In the data below, reproduce everything exactly except the images.

====== Exercise data

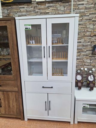 Elegante vitrina de madera con puertas de cristal para exhibir tus objetos. - Diseño clásico y funcional. - Estantes interiores para organizar. - Tirador metálico decorativo.
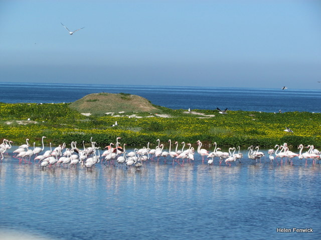 We stopped for a picnic lunch at the tern roost and watched the flamingos flying in and settling right in the pond right in front of us.
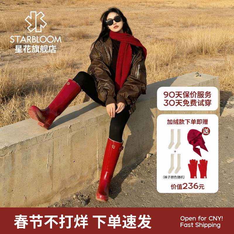 starbloom/Star Flower Wellington rain boots plush women's Spring Festival New Year wear outdoor New Year's non-slip water shoes
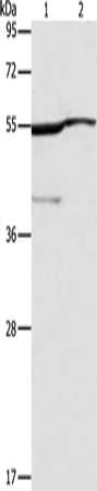 Gel: 10%SDS-PAGE, Lysate: 40 μg, Lane 1-2: A549 cells, mouse eye tissue, Primary antibody: CSB-PA951869(ALDH3A1 Antibody) at dilution 1/350, Secondary antibody: Goat anti rabbit IgG at 1/8000 dilution, Exposure time: 10 seconds

============

# Written response
 Elegante vitrina de madera con puertas de cristal para exhibir tus objetos. - Diseño clásico y funcional. - Estantes interiores para organizar. - Tirador metálico decorativo.
 We stopped for a picnic lunch at the tern roost and watched the flamingos flying in and settling right in the pond right in front of us.
 starbloom/Star Flower Wellington rain boots plush women's Spring Festival New Year wear outdoor New Year's non-slip water shoes
 Gel: 10%SDS-PAGE, Lysate: 40 μg, Lane 1-2: A549 cells, mouse eye tissue, Primary antibody: CSB-PA951869(ALDH3A1 Antibody) at dilution 1/350, Secondary antibody: Goat anti rabbit IgG at 1/8000 dilution, Exposure time: 10 seconds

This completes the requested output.